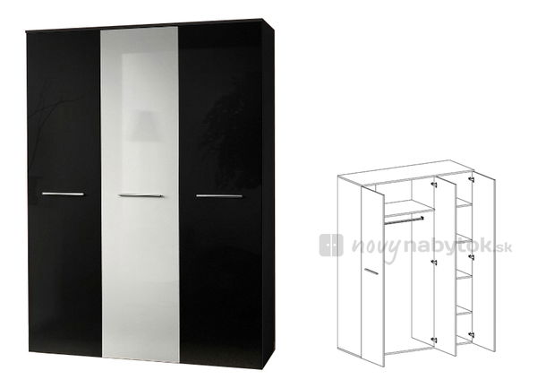 Moderná šatníková skriňa je praktický doplnok k ostatnému nábytku vo Vašej obývacej izbe, predsieni, spálni, pracovni či kancelárii. Skriňa je trojdverová, pričom v ľavej časti sa nachádza vešiaková tyč, ktorá je umiestnená pod poličkou. V pravej časti sú štyri poličky. Je vyrábaná vo viacerých farebných kombináciách a tak si určite nájdete tú vhodnú skriňu, ktorá dokonale zapadne k Vášmu ostatnému nábytku.
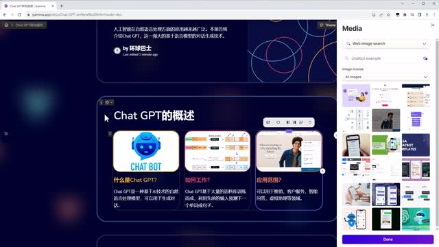 你可以对生成好的内容和图片在这里进行修改。点击图片后,上方的第一个按钮是随机切换图片,第二个按钮是自己选择图片。文字的操作也很方便,点击文字会出来选框,可以进行修改。
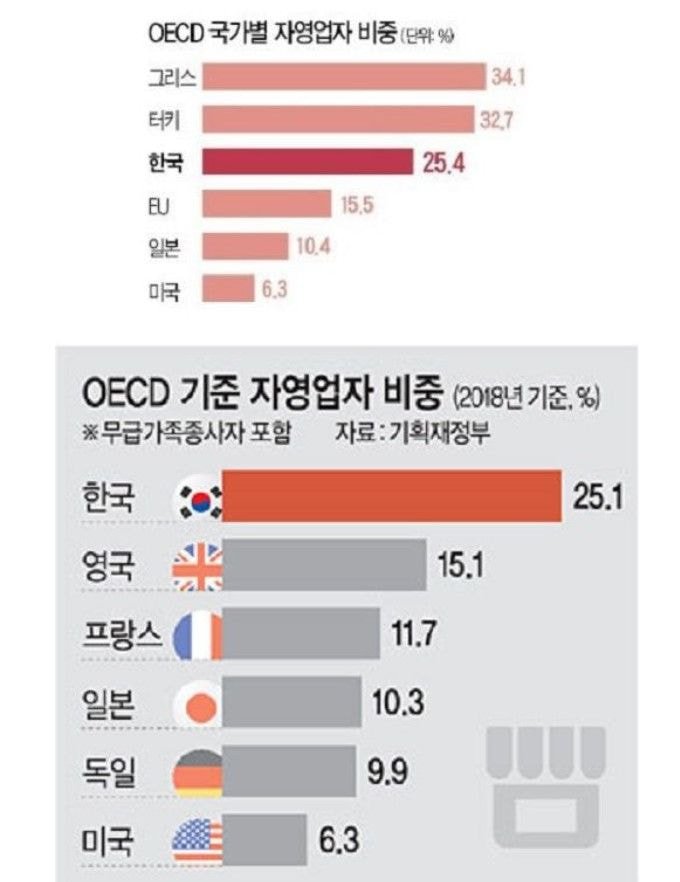 그럴 수밖에 없는게 우리나라 자영업자 비율은
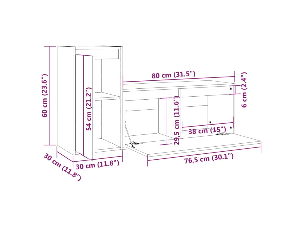 - 1 x TV skrinka: 80 x 30 x 35 cm (Š x H x V)
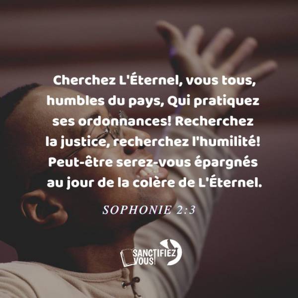 Cherchez L'Éternel, vous tous, humbles du pays, qui pratiquez ses ordonnances ! Recherchez la justice, recherchez l'humilité ! Peut-être serez-vous épargnés au jour de la colère de L'Éternel. Sophonie 2:3 Bien aimé(e), Dieu est lent à la colère et riche en bonté. Ainsi, si vous recherchez la justice et l'humilité, vous pouvez être épargnés au... Lire la Suite →

**Problem to solve**
What is needed is a verbatim copy of the lines from the line with "你可以对生成好的内容和图片在" through the last line of the listing, pictures excluded.

**Written reply**
 你可以对生成好的内容和图片在这里进行修改。点击图片后,上方的第一个按钮是随机切换图片,第二个按钮是自己选择图片。文字的操作也很方便,点击文字会出来选框,可以进行修改。
 그럴 수밖에 없는게 우리나라 자영업자 비율은
 - 1 x TV skrinka: 80 x 30 x 35 cm (Š x H x V)
 Cherchez L'Éternel, vous tous, humbles du pays, qui pratiquez ses ordonnances ! Recherchez la justice, recherchez l'humilité ! Peut-être serez-vous épargnés au jour de la colère de L'Éternel. Sophonie 2:3 Bien aimé(e), Dieu est lent à la colère et riche en bonté. Ainsi, si vous recherchez la justice et l'humilité, vous pouvez être épargnés au... Lire la Suite →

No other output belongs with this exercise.